**Directions for this task**:
Each entry is to be reproduced verbatim, and images are to be omitted.

**Items from a dataset**:
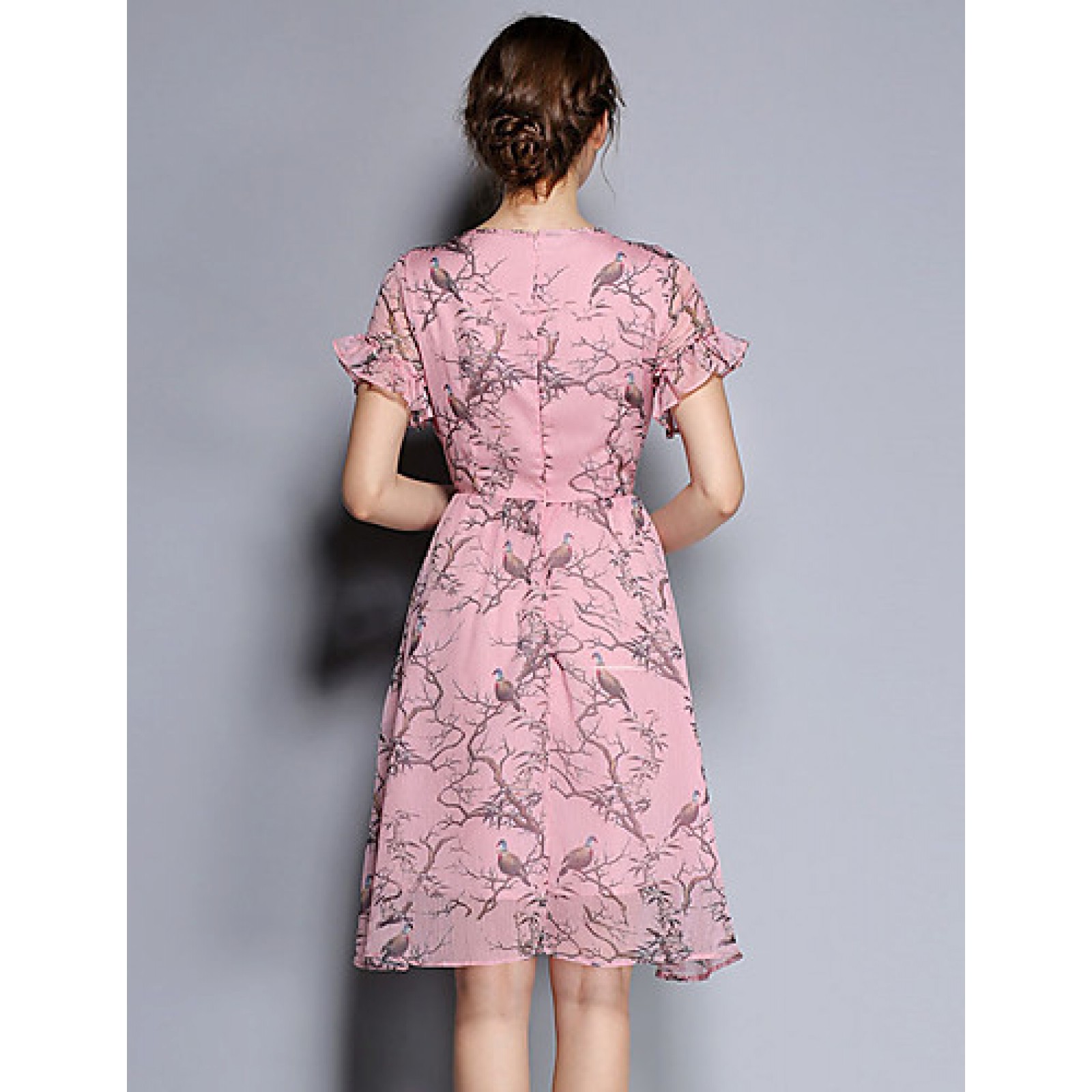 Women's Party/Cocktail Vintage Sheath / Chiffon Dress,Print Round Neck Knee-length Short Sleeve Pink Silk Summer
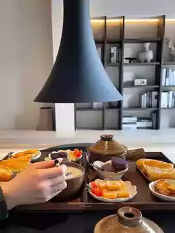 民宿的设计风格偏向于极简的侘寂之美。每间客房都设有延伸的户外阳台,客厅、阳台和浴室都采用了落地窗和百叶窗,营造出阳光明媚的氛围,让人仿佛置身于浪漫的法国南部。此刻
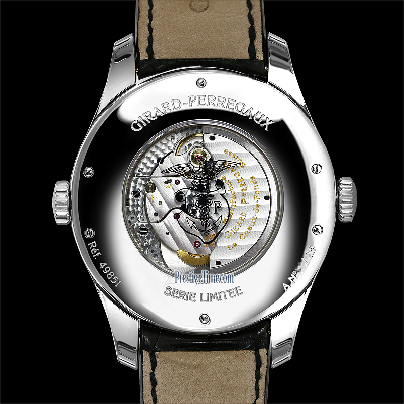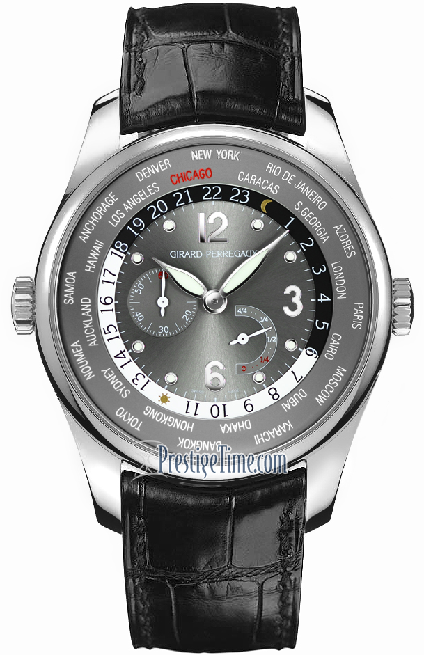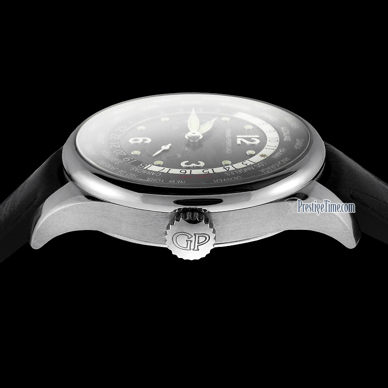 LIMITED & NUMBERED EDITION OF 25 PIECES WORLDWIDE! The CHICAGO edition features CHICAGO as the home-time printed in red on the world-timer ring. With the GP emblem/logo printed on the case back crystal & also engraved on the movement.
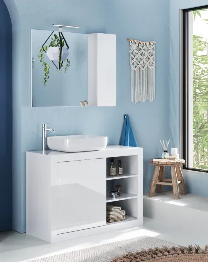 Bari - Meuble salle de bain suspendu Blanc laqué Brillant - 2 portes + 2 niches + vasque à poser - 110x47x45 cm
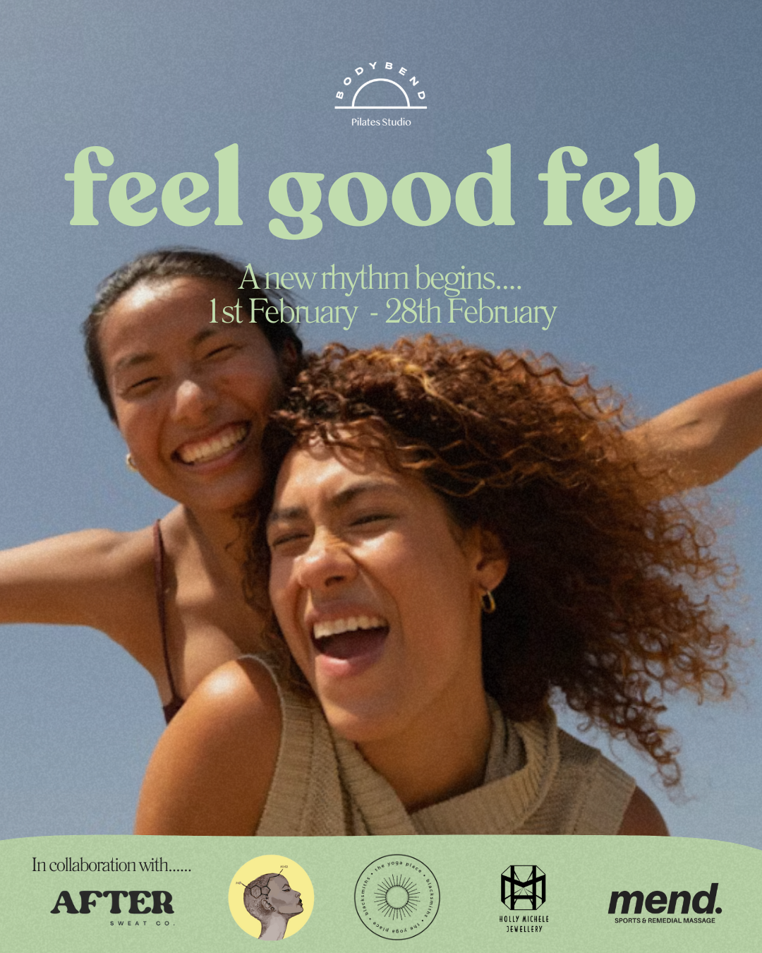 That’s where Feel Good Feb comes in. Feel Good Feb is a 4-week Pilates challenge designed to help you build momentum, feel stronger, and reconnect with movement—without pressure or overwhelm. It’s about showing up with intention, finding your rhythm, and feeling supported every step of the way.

**Finished exercise**:
 Women's Party/Cocktail Vintage Sheath / Chiffon Dress,Print Round Neck Knee-length Short Sleeve Pink Silk Summer
 民宿的设计风格偏向于极简的侘寂之美。每间客房都设有延伸的户外阳台,客厅、阳台和浴室都采用了落地窗和百叶窗,营造出阳光明媚的氛围,让人仿佛置身于浪漫的法国南部。此刻
 LIMITED & NUMBERED EDITION OF 25 PIECES WORLDWIDE! The CHICAGO edition features CHICAGO as the home-time printed in red on the world-timer ring. With the GP emblem/logo printed on the case back crystal & also engraved on the movement.
 Bari - Meuble salle de bain suspendu Blanc laqué Brillant - 2 portes + 2 niches + vasque à poser - 110x47x45 cm
 That’s where Feel Good Feb comes in. Feel Good Feb is a 4-week Pilates challenge designed to help you build momentum, feel stronger, and reconnect with movement—without pressure or overwhelm. It’s about showing up with intention, finding your rhythm, and feeling supported every step of the way.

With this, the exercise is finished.